AI4D Malawi News Classification Challenge

Helping Malawi
$2 000 USD
Completed (almost 5 years ago)
Classification
830 joined
322 active
Starti
Jan 22, 21
Closei
May 09, 21
Reveali
May 09, 21
Solution for 0.6548 Private LB
Connect · 12 May 2021, 13:07 · edited 3 minutes later · 4

Congrats to all winners and participants!

This is one of the most challenging problems I've worked on in NLP.

You could guess from my numerous submissions how many ideas I had experimented with. Some failed surprisingly whilst a few did well on private LB, surprisingly lol.

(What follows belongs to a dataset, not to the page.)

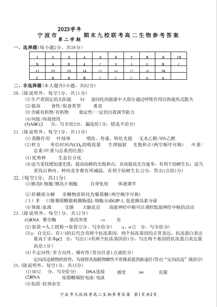 浙江省宁波市九校联考2023-2024学年高二下学期6月期末联考考试 生物答案

The texts are variably long and , contains mixture of languages (I detected English and Chichewa), and a serious imbalance in classes.

I applied sequence of augmentations(multilingual bert, chichewa fasttext embeddings word substitution, and random word substitution) on all samples belonging to chichewa. To avoid data leakage I kept all augmented samples in train folds(5 stratified folds)

Model 1 - I trained a random forest classifier on tfidf features using the 5-fold augmented chichewa data. Model 2 - I trained Longformer( a transformer model specially designed for long sequences) on all English data using 5-fold stratified splits(no augmentations). Auxillary features such as binned sequence lengths and word-based statistical features were used to train the longformer model. Obtained final submission by merging the English and chichewa submissions.

Text cleaning and FE :- removing - punctuations, integers and english stopwords, and then text normalization by lemmatization(this was a better alternative to stemming)

What did not work(for me):- Pretraining and finetuning( tried bert, multilingual bert and xlm-roberta-base), Chunking each sample into 6 chunks of size 229, concatenating tfidf and ngrams/statistical features, removing chichewa stop words...(some of the major failed ideas)

Wish I tried:- Train the longformer model on all data.

My transformer models did poorly on public LB but great on private. A main reason why I failed to select any solution using transformers just before competition closed.

Discussion 4 answers

Great work

12 May 2021, 13:10
Upvotes 0

Thanks for sharing and congratulations on your results!

12 May 2021, 15:52
Upvotes 0
User avatar
flamethrower

Comprehensive work, thanks for sharing.

Since the transformer models you mentioned arent exactly state of the art for Chichewa. Wondering if you tried any of the MT5 variants in your transformer experiments?

User avatar
MICADEE
LAHASCOM

"My transformer models did poorly on public LB but great on private. The main reason why I failed to select any solution using transformers just before competition closed." Transforner models!!! I will love to see that. Thanks for sharing. Great ideas @drcod.

All i know is that there's nothing we didn't try on this challenge, only that we unluckily failed to choose our best local CV (that eventually translated to 0.664 private CV). Though this is pretty hard to know since this local CV looks unpromising from our end here. But it's all part of the Data Science Journey experience. Congratulations to all the winners. Great and amazing work done.